Brimelow : Well, opinion polls have consistently shown that the Americans are highly disturbed by the issue. There’s a reason why the President hasn’t been able to get his amnesty program through, although he’s been trying now for six years. That’s because when the Republican congressman go home, they find that their districts are fiercely opposed to it.

But it’s an unusual debate, this immigration debate—it doesn’t really surface. One reason is that there’s an unusual form of political correctness about immigration which embraces both left and right. For example, when we saw these National Research Council numbers coming out in 1997, about how California families are spending about $1000 a year to support the immigrant presence in the state, we thought it would cause a revolution. But it didn’t cause a revolution because it wasn’t reported anywhere.

No mainstream media paper wants to report this stuff. I could never write about the economics of immigration when I was at Forbes. They just simply wouldn’t allow it. They don’t want to hear about it. So the issue has been kept out of the debate very successfully for a very long time.

On the other hand, this is exactly what happened between 1890 and 1920. It took about 30 years of agitation and argument before the Congress cut off immigration in the 1920s. These things take time.

The fact that immigration enthusiasts are able to stop debate by accusing everybody of racism is another unusual element in the debate. But eventually that’s going to wear off. People are going to get bored with it. And we will see immigration get into politics—if not in this election, then the next election.

There’s a rule in the stock market: if something can’t go on forever, it doesn’t. We had this tremendous bull market in the 1990s, it couldn’t be sustained, and it wasn’t. It took two or three years longer than we thought, but it did happen.

And I would say the same is true for the dollar right now. Eventually, it will break.

And I say that’s true with the immigration debate—eventually, it will clear. The longer the wait is, though, and the more ruthless the tactics that the immigration enthusiasts use, the more violent the ultimate cutoff will be.

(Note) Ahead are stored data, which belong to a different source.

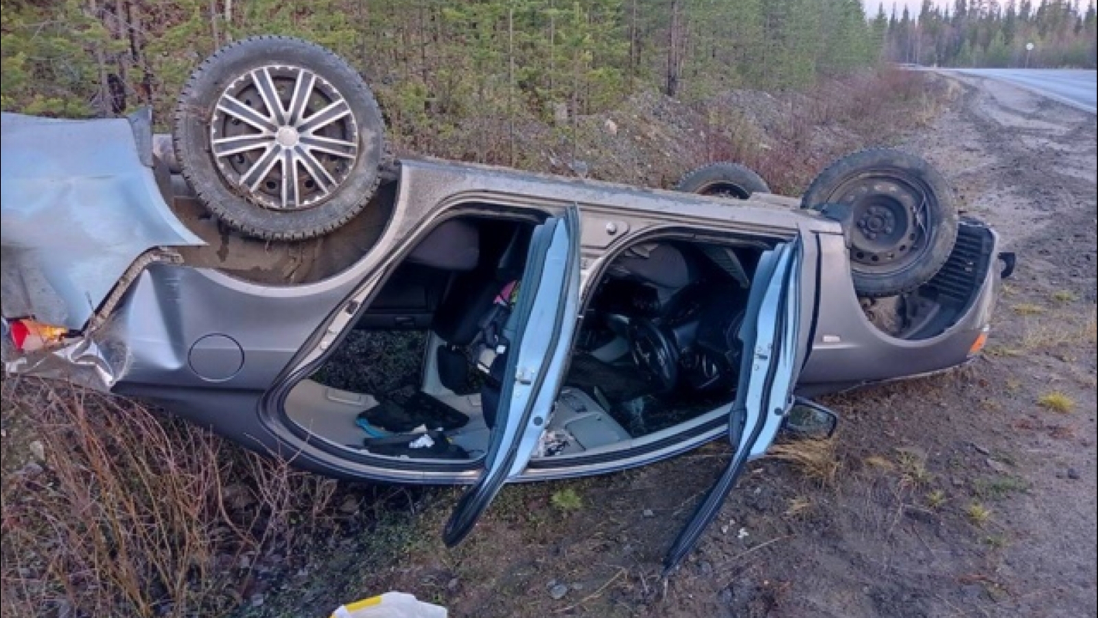 Автомобиль съехал в кювет и опрокинулся на 49-м километре трассы Кола — Лотта.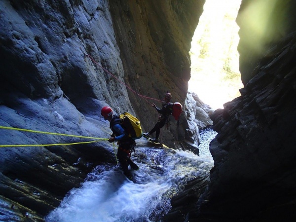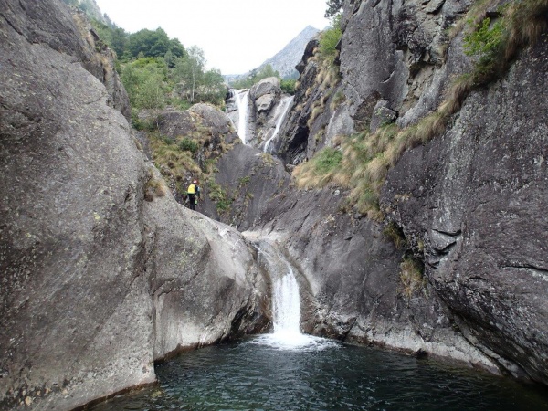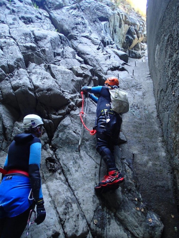 Dimanche, les six réunis se lancent dans le canyon de Rasiga supérieur, une jolie gorge profondément taillée dans le gneiss, comme les aime François. Le groupe sortira tardivement de ce canyon exigeant et ne regagnera le camping qu’à la nuit.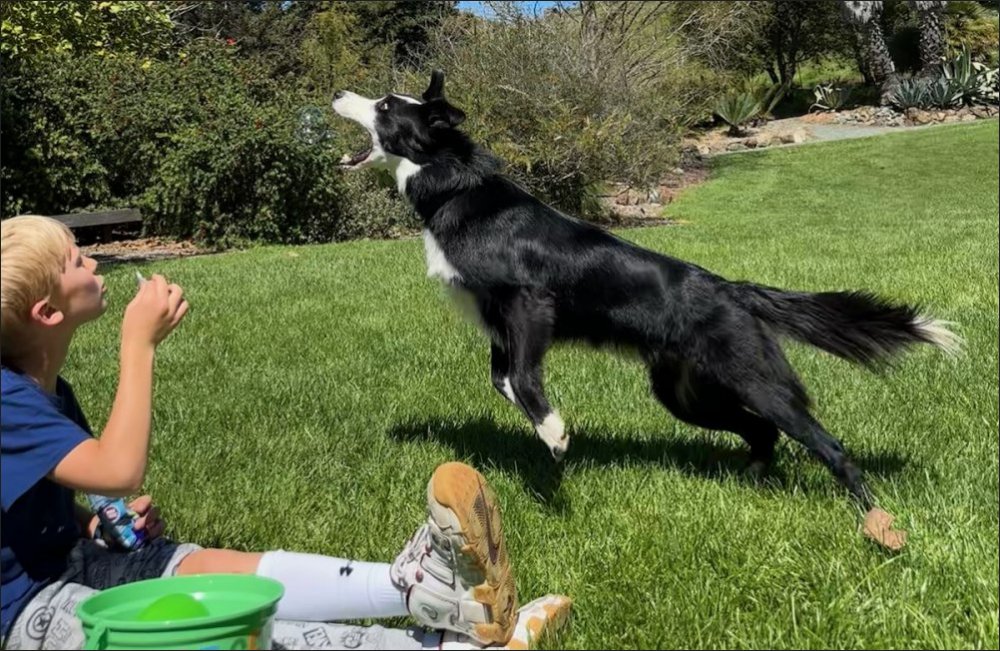 bubbles and his dog's newly discovered talent of catching them. They had no idea he was so athletic! Be sure to

The behavior of the Bush administration amazes me. I mean, generally speaking, when you have a policy which is unpopular with your base, you at least make some effort to placate the base. Even if you’re determined to push the policy through. But they make no effort to placate their base. They behave with extreme arrogance towards it.

I think there’s a good chance that this immigration issue will ultimately break the party system in the U.S. There will be new parties formed around it. That’s what happened in the 1840s, at the time of the great wave of immigration from Ireland. It wasn’t slavery that broke the second party system. It was the American Party and Know-Nothings—most of whom, by the way, were also abolitionists. So when abolition later came to the forefront, they joined the Republican Party.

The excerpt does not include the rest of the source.